Zerback 2009). Apparate wurden geschaffen, mit denen Menschen überwacht, ausspioniert und kontrolliert werden konnten. Die Stasi der DDR ist das wohl umfassende Beispiel für diese klassische „alte“ Form der Überwachung, die an Personen als Personen interessiert war (vgl. Giseke 2011). Zur Überwachung gehörten auch immer schon verschiedene Maßnahmen der Kriminalistik, um Personen an Merkmalen (wieder) zu erkennen, wie etwa die Geschichte des Fingerabdruckes oder der Verbrecherfotografie zeigt (vgl. Berchthold 2007, Kammerer 2008). Solche (Daten-) Sammlungen, in denen Merkmale, Ereignisse und Personen zusammengeführt werden konnten, sind für viele Überwachungspraktiken von entscheidender Bedeutung gewesen und heute der Kern der meisten Praxen, die als Überwachung beschrieben werden können. Die Möglichkeiten von Computern haben neue Formen der Überwachung geschaffen, die sich von den bisherigen darin unterscheiden, dass sie nicht länger an der Person als Person interessiert sind (vgl. u.a. Rule 1974, Marx 2002). Für solche neuen Formen der Überwachung sind die Zusammenhänge, in denen Daten abgegeben oder gesammelt werden, viel interessanter als die eigentliche Person, da generell eher die Gesellschaft als solche anhand der Daten, Filter und Kategorien unter Beobachtung steht.

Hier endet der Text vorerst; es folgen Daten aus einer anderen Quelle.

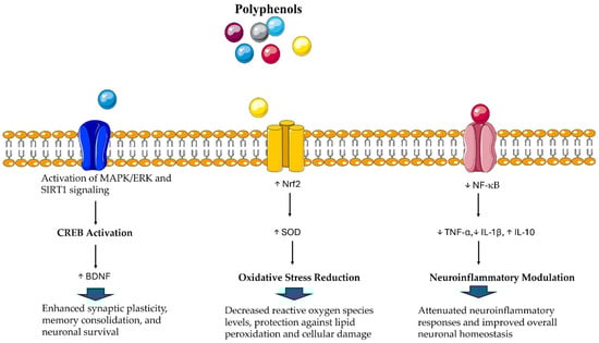 Table 1. Proposed biomolecular mechanisms dealing with the multifactorial action of polyphenols. CREB activation: polyphenols such as resveratrol and epigallocatechin gallate (EGCG) could stimulate MAPK/ERK and SIRT1 signaling, which in turn phosphorylate CREB and upregulate neurotrophins. This induces synaptic plasticity and sustains learning and memory. Oxidative stress reduction: through the activation of the Nrf2 pathway, polyphenols might potentiate the expression of antioxidant factors (e.g., SOD, catalase) that alleviate reactive oxygen species, thus protecting brain cells. Neuroinflammation modulation: by reducing the NF-κB pathway, polyphenols could depress the secretion of pro-inflammatory cytokines (e.g., TNF-α, IL-1β), decreasing neuroinflammation and potentially limiting neurodegeneration.

Eine solche Überwachung konzentriert sich auf die Merkmale und mögliche Zusammenhänge und sucht die Personen, die es zu überwachen gilt, erst aufgrund der jeweils passenden Daten heraus (vgl. Marx 2002). Das bedeutet aber, dass potentiell alle möglichen Daten von möglichst vielen Menschen gesammelt werden müssen – denn es ist ja völlig unbekannt wer wo überwacht werden soll und vor allem, ob ein Anlass zu direkter Überwachung besteht. Um eine effektive Kontrolle oder Überprüfungs-möglichkeit zu schaffen, bedarf es möglichst vieler verschiedener Daten und Merkmale, die zusammengeführt werden können – Big Data eben, um in die Zukunft zu schauen (vgl. Zurawski 2014). Diese Daten können aus persönlichen Daten stammen, aus biometrischen Merkmalen (Fingerabdruck oder DNA-Profile), Einträgen bei der Schufa, Einkäufen, die Art der Auslandsbesuche usw.. Überwachung bedeutet unter diesen Bedingungen eine ständige Risikoabschätzung und eine möglichst voraus-schauende Kontrolle, um bereits im Vorwege maschinengesteuert eine Überprüfung

durchzuführen und Kontrolle auszuüben. Überwachung als Idealtypus bedeutet die Kontrolle möglicher Abweichungen von einer durch Daten und Kategorien erzeugten Norm. Das Bewusstsein davon kann in der Gesellschaft zu Konformität führen, die sich durch eine soziale Kontrolle so nicht ergeben würde, da jene wesentliche wandelbarer und durch die Gegenseitigkeit auch offener und flexibler gestaltbar wäre. Big Data ist vor allem vor dem Hintergrund einer Moderne, die von Flexibilisierung und der Rekombination der Wirklichkeit (vgl. Gugerli 2009, 13, 89f.) gekennzeichnet ist, für die Analyse von Überwachung zentral, wenn es nicht die Masse an Daten selbst ist, die diese Rekombinationsmöglichkeiten erst selbst geschaffen hat.